Very high impedance DVMs (read: most cheap meters) are particularly prone to picking up "phantom voltage". There is voltage there, but possible current is so tiny that it's incapable of even moving the meter movement on an analog meter.

That lines up with the fact that you had the panel changed. A problem at the panel would make sense.

While you're in here, deal with that socket

Modern society isn't safe by accident. A lot of work was done to make society safer. But that's only true if things have been modernized! NEMA 10 has not.

So, there are several paths to getting rid of the NEMA 10 socket and convert to NEMA 14.

  1. If the wire is illegal (solid bare neutral), replace the entire cable run.

  2. See if there's already a ground wire or metal conduit. Often that is lurking unused behind the NEMA 10.

  3. Retrofit a ground wire.
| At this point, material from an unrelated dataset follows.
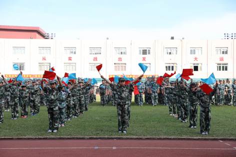 在学院院旗的引导下,伴随着庄严的进行曲,军训方队进行了肃穆的方阵、气势磅礴的口号、刚劲有力的摆臂、步调一致的踢腿,举手投足间,既透出军人般坚毅果敢的气质,又彰显了我院运动员昂扬向上的精神风貌,赢得了观礼台上各位领导和老师的阵阵掌声。随后,运动员们还为大家献上了指挥旗表演和手语表演。
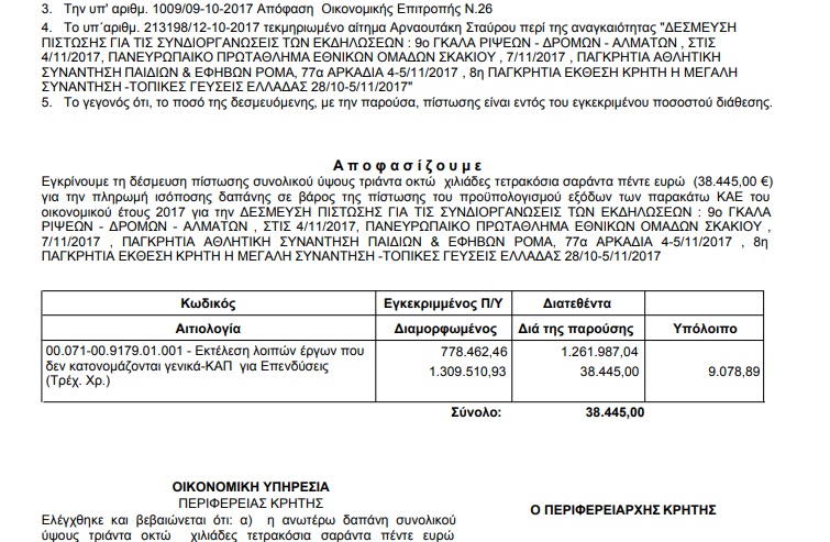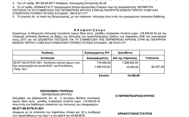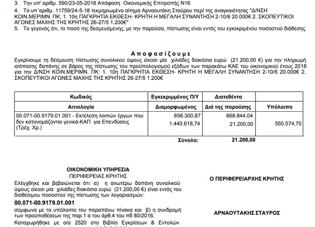 Αλλά οι χρηματοδοτήσεις για το 2018 δε σταματούν εδώ. Μόλις χθες ο κ. Αρναουτάκης υπέγραψε άλλες δυο αποφάσεις με τις οποίες η περιφέρεια θα πληρώσει για τις δραστηριότητες που αναπτύσσει ο σύμβουλός του, άλλα 25.800 ευρώ!

That ground wire needs to be #10 and needn't go back to the panel; it can go to any other junction box that has a #10 back to the panel (air conditioner; water heater), or to any box with metal conduit back to the panel, or to any part of the Grounding Electrode System (the bare copper wires going from panel to water pipe or ground rods).

  4. Just don't hook up ground. Mark the cover plate GFCI Protected. No Equipment Ground. Then, fit a GFCI breaker in the panel.